As you reproduce every line below, keep it exactly as written and leave out the images.

Material provided:
↓

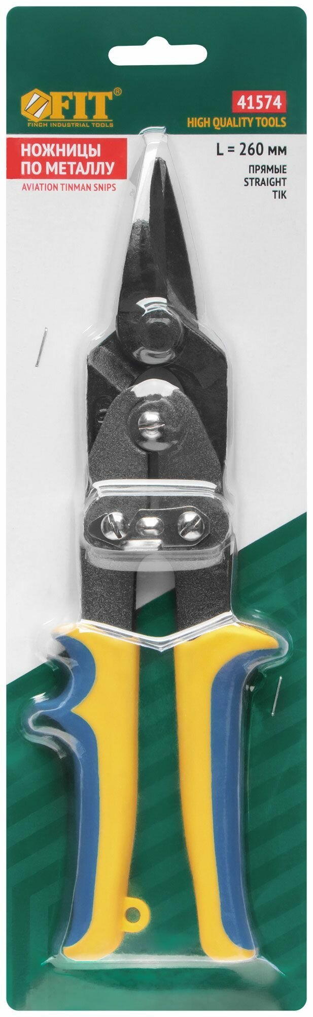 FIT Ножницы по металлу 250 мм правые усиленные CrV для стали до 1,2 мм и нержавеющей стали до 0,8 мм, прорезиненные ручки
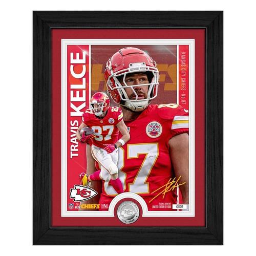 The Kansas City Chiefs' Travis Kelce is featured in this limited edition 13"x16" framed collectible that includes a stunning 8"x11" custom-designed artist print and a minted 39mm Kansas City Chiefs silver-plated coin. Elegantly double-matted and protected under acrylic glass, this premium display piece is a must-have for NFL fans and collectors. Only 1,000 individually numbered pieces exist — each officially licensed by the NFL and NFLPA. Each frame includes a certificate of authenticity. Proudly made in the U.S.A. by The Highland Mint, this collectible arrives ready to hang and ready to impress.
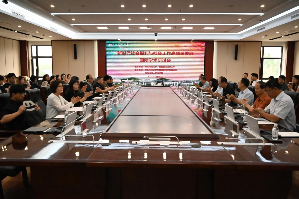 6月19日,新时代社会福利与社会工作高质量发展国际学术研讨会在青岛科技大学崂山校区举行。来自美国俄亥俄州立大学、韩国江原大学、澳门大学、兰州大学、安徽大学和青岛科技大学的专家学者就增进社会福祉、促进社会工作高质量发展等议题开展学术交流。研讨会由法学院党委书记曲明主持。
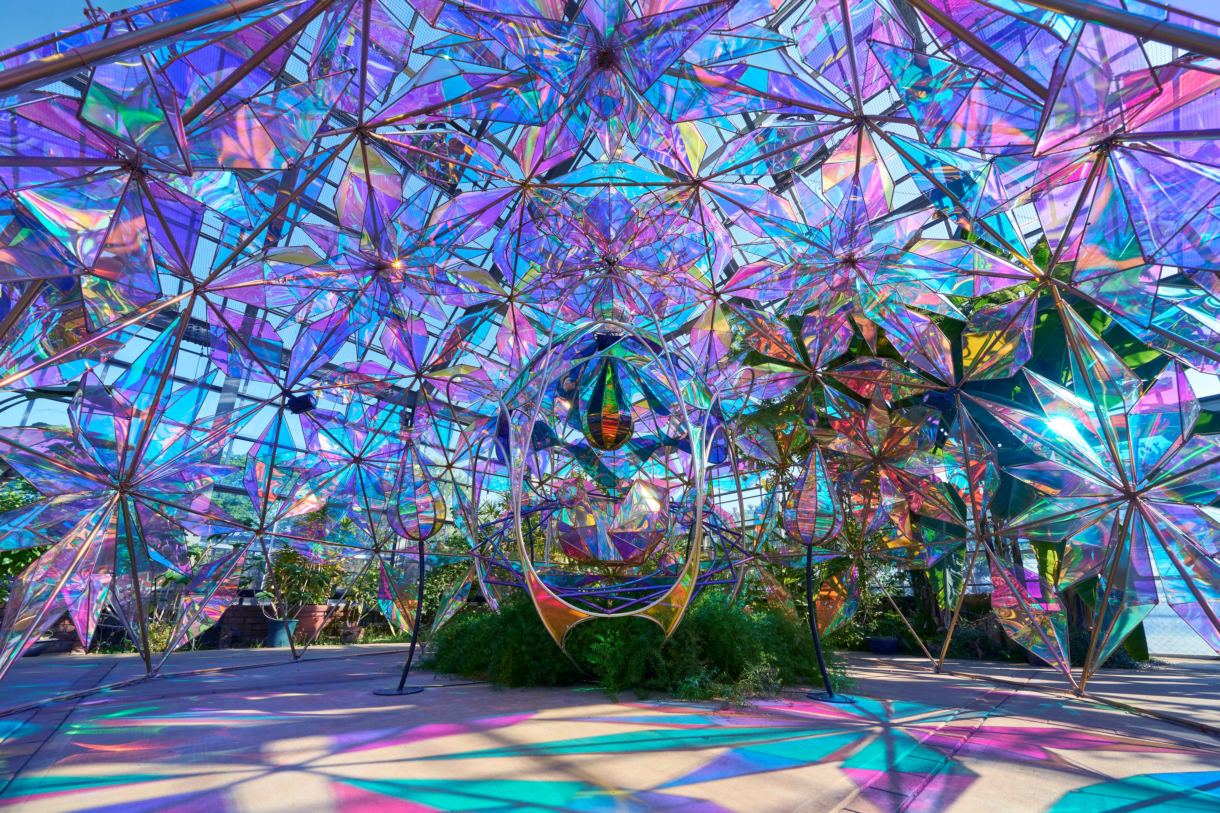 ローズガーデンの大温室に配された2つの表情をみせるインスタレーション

↑

Exercise answer:
 FIT Ножницы по металлу 250 мм правые усиленные CrV для стали до 1,2 мм и нержавеющей стали до 0,8 мм, прорезиненные ручки
 The Kansas City Chiefs' Travis Kelce is featured in this limited edition 13"x16" framed collectible that includes a stunning 8"x11" custom-designed artist print and a minted 39mm Kansas City Chiefs silver-plated coin. Elegantly double-matted and protected under acrylic glass, this premium display piece is a must-have for NFL fans and collectors. Only 1,000 individually numbered pieces exist — each officially licensed by the NFL and NFLPA. Each frame includes a certificate of authenticity. Proudly made in the U.S.A. by The Highland Mint, this collectible arrives ready to hang and ready to impress.
 6月19日,新时代社会福利与社会工作高质量发展国际学术研讨会在青岛科技大学崂山校区举行。来自美国俄亥俄州立大学、韩国江原大学、澳门大学、兰州大学、安徽大学和青岛科技大学的专家学者就增进社会福祉、促进社会工作高质量发展等议题开展学术交流。研讨会由法学院党委书记曲明主持。
 ローズガーデンの大温室に配された2つの表情をみせるインスタレーション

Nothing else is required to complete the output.